Hablaba más fervientemente que nunca, desesperado por asegurarse de que aquélla seria, para siempre, la última batalla entre britanos, aunque observé que había omitido discretamente toda alusión a Ratae. Tal sorpresa podía esperar.

Cuneglas, al parecer consideraba la oferta harto generosa como para creerla, pero entonces, recordando tal vez su anterior amistad con Arturo, sonrió.
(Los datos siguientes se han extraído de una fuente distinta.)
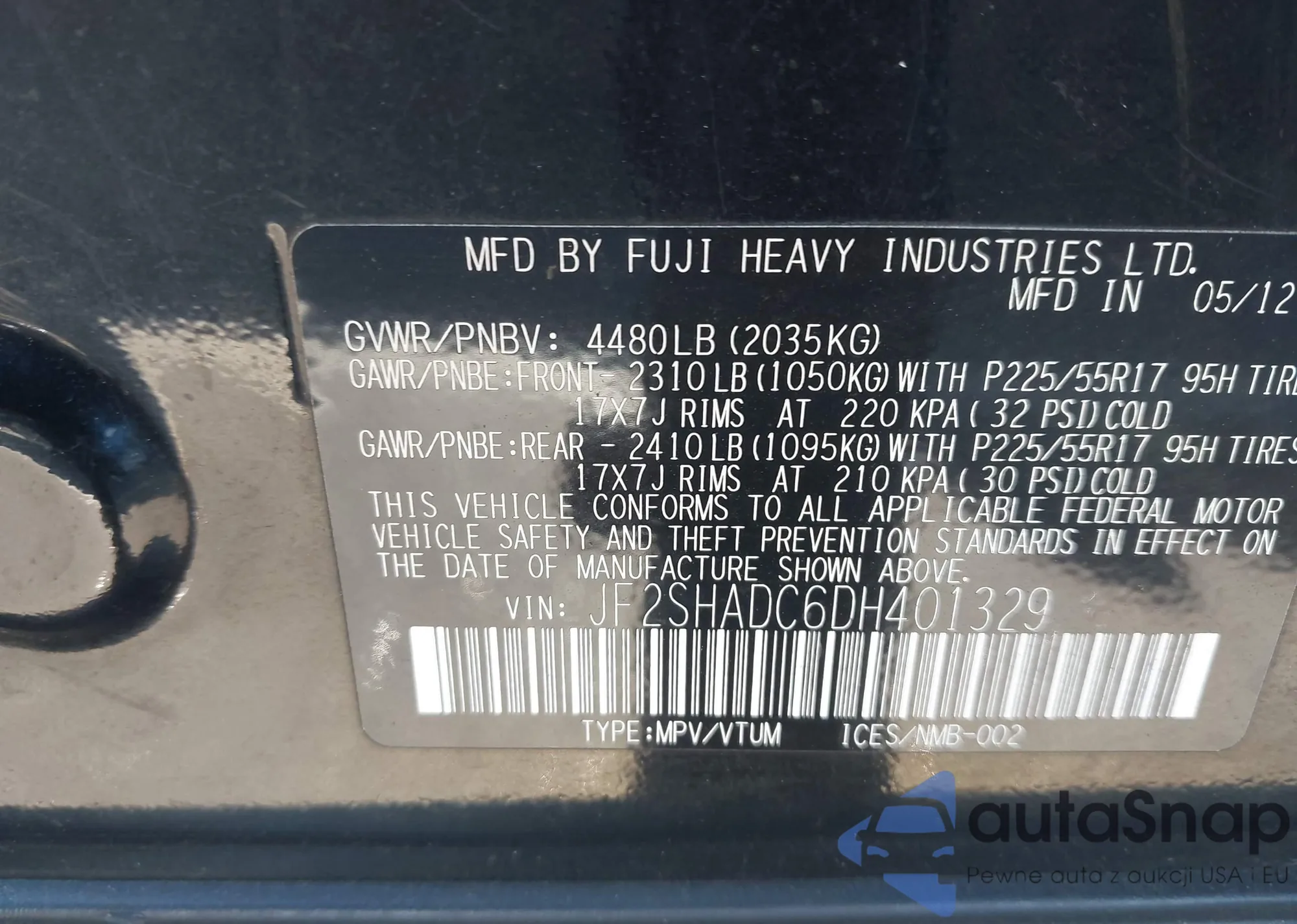 • VIN: JF2SHADC6DH401329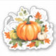 Ein Niedlicher Herbstaufkleber mit Kürbis und bunten Herbstblättern.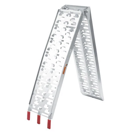 Die Auffahrrampe ermöglicht das schnelle und sichere Verladen von Fahrzeugen oder Baumaschinen. Die stabile Auffahrschiene ist aus leichtem und hochwertig verarbeiteten Aluminium gefertigt und bietet durch die breite Auffahrfläche mit einer starken Profilierung überall Halt wo es feucht oder rutschig ist.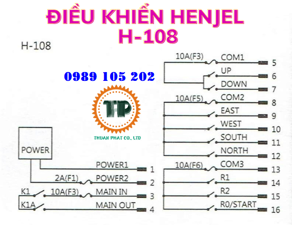 Sơ đồ đấu nối bộ điều khiển cầu trục từ xa Henjel-H108

—Tendréis la paz que pedís, lord Arturo.

—Con una última condición —añadió Arturo inesperada y bruscamente, mas no en voz alta, de modo que sólo algunos alcanzamos a oir sus palabras. Cuneglas parecía fatigado, pero aguardó—. Prometedme, lord rey, por vuestra palabra y por vuestro honor, que vuestro padre me mintió en el lecho de muerte.

La paz pendía de la respuesta de Cuneglas, el cual cerró los ojos por un momento como presa del sufrimiento y después habló.

—La verdad nunca fue importante para mi padre, lord Arturo, sólo mostraba interés por las palabras que contribuyeran a colmar sus ambiciones. Mi padre era un mentiroso, lo juro.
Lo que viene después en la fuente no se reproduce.